And the terrible thing was that she heard the news from Mr. Fuller,
whom, you know, she doesn’t really like at all. He very seldom
comes up to her room, but I happened to be out getting her
something she wanted in Brigham, and I came in just as he had told
her and she was sitting up in bed, shaking her left fist at him, and
cursing him for being alive himself to tell her the news. She was
calling him a miser and a hypocrite and a liar, and I really don’t know
what she didn’t call him. She is a most extraordinary woman. There
doesn’t seem to be anything she does not know. And yet she has
often told me that she taught herself everything. It’s wonderful, isn’t
it? And her room! Of course, it’s very unusual, but, do you know, I
like it tremendously now. It seems to me to be a live room. Every
other room I go into now seems to me quite dead.”

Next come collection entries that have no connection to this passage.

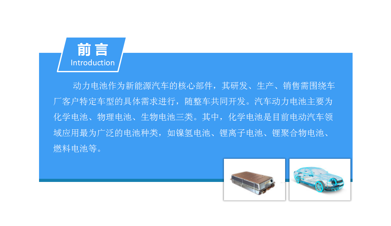 动力电池作为新能源汽车的核心部件,其研发、生产、销售需围绕车厂客户特定车型的具体需求进行,随整车共同开发。汽车动力电池主要为化学电池、物理电池、生物电池三类。其中,化学电池是目前电动汽车领域应用最为广泛的电池种类,如镍氢电池、锂离子电池、锂聚合物电池、燃料电池等。
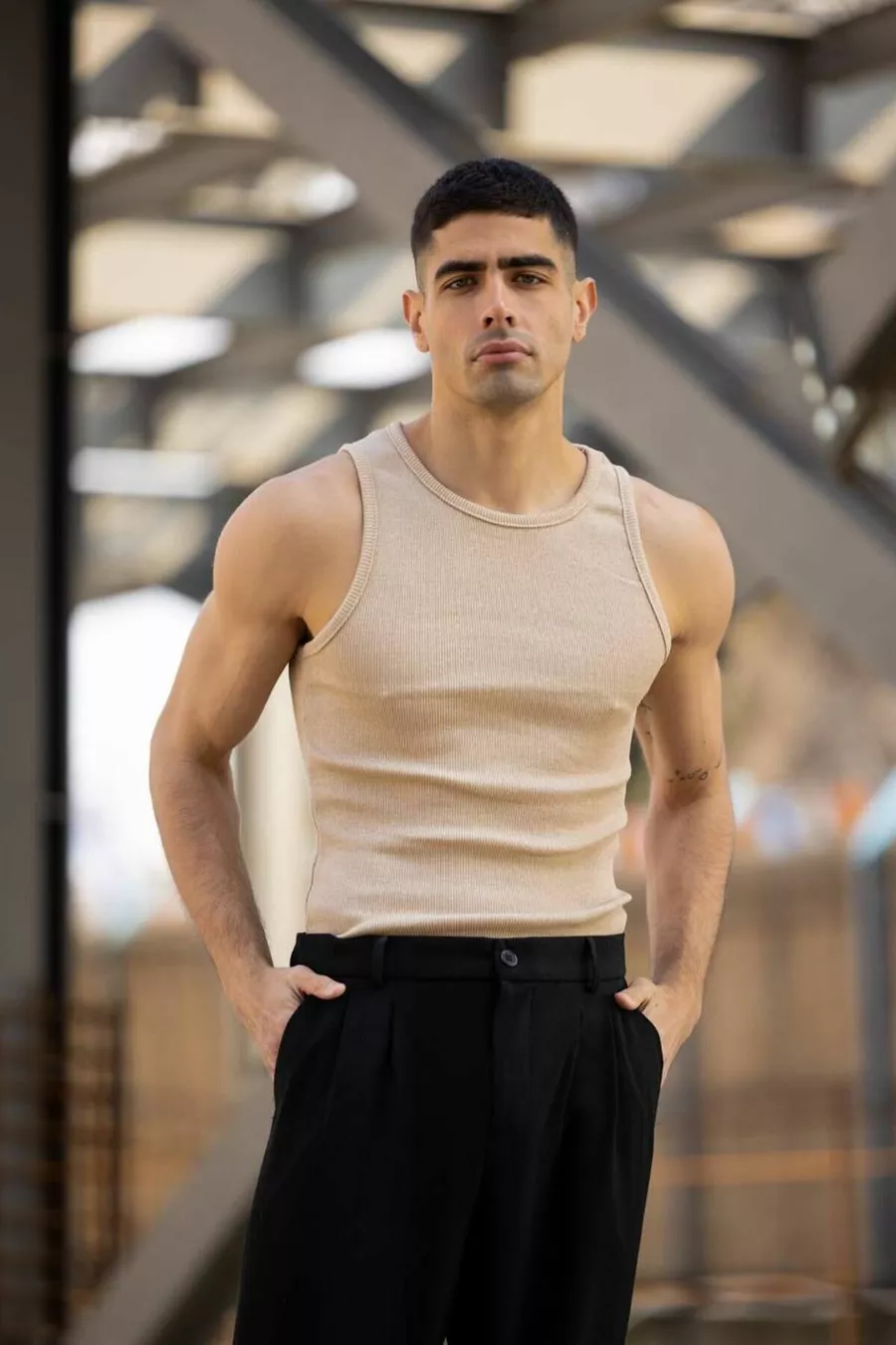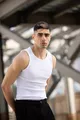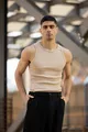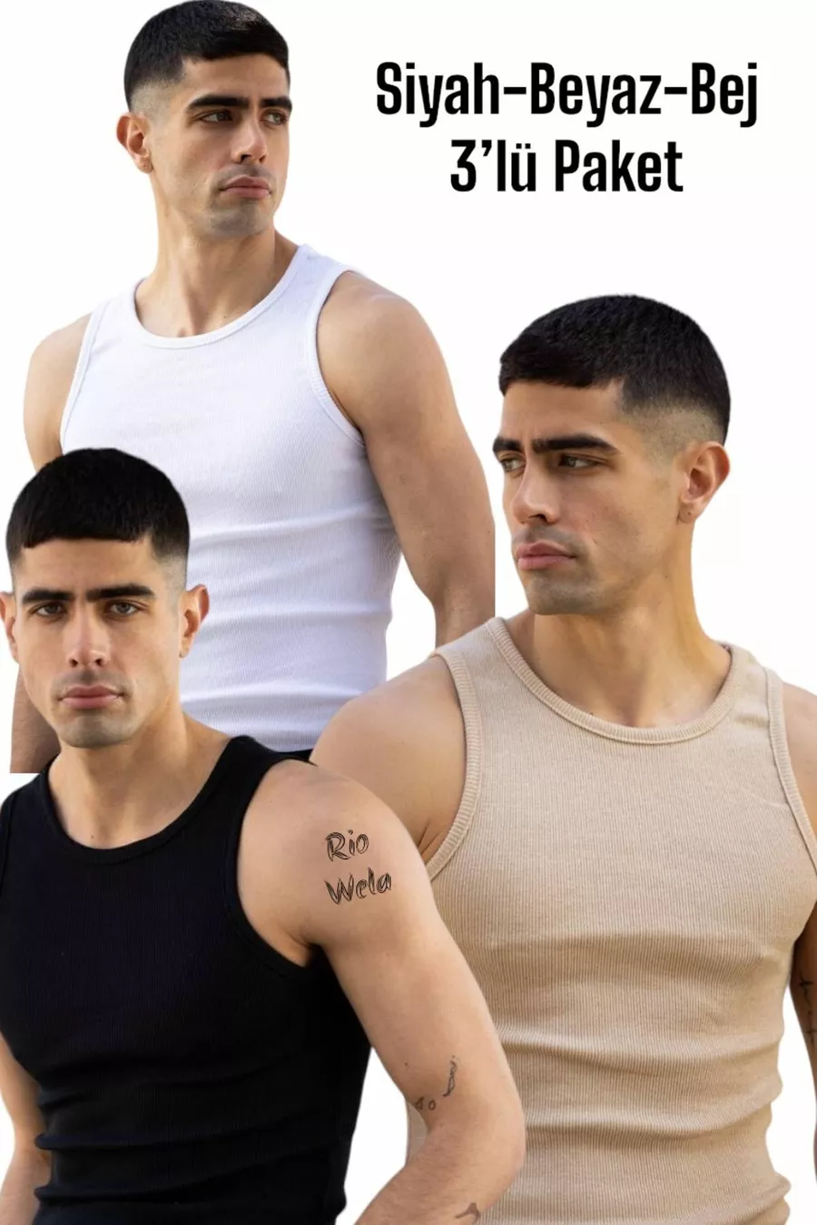 باقة من 3 قمصان رياضية رجالية بلا أكمام برقبة هالتر بكرة ليكرا، ألوانها أسود-أبيض-بيج
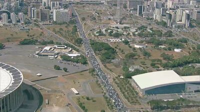 Manifestação de professores ocupa Eixo Monumental e deixa congestionamento no centro de Brasília | Distrito Federal
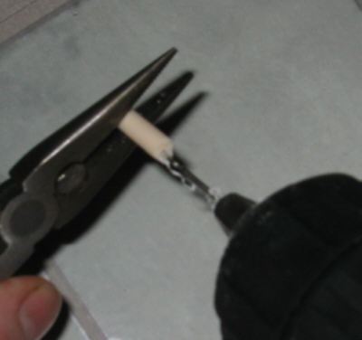 2. Select a drill bit that is slightly smaller than your paper clip. Drill up into the shaft where the break occurred–NOT in the middle.
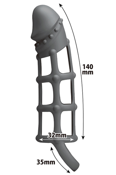 格子状のペニス専用アーマーで完全武装!男の夜をロングサポートするシリコン製のペニスサック。肌に優しい高品質な医療用シリコン素材を採用!格子の隙間から肌を露にすることで粘膜が触れる範囲を広め、挿入感を損わずプレイを楽しめる♪自慢のムスコに鎧を被せ、完全武装で夜の勝負に挑め!
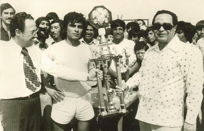Campeón C.F. Real Paraiso. Roberto Mancillas Capitán del Equipo con el trofeo.
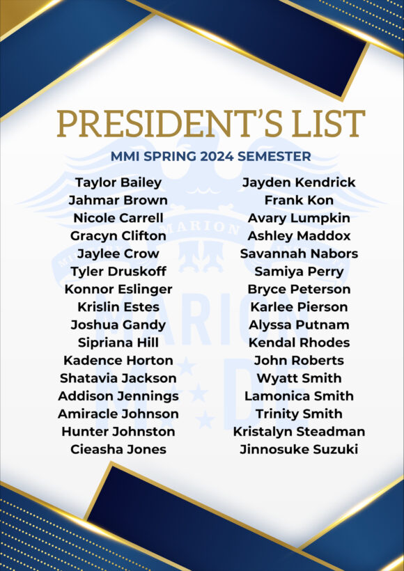 MMI is proud to announce those cadets who earned a spot on the President's List (4.0 GPA) or Dean's List (3.5+ GPA) for the Spring 2024 semester.

And that was what Nancy was thinking when the dismal train
steamed out of Brigham to take Letizia and herself back to London,
that melancholy March night.
CHAPTER XV
THE TUNNEL
The only other occupant of the railway-carriage was a nun who sat
in the farther corner reading her breviary or some pious book. Letizia
soon fell fast asleep, her head pillowed on her mother’s lap, while
Nancy, watching the flaring chimneys in the darkness without, was
thinking of that old lady who had flared like them in the murk of
Lebanon House. After two hours of monotonous progress Letizia
woke up.
“Muvver,” she said, “I fink I’ve got a funny feeling in my tummy.”
“I expect you’re hungry, pet. You didn’t eat a very good tea.”
“It was such a crumby cake; and when I blowed some of the
crumbs out of my mouf, one of those aunts made a noise like you
make to a gee-gee, and I said, ‘Yes, but I’m not a gee-gee,’ and then
the plate what I was eating went out of the room on a tray.”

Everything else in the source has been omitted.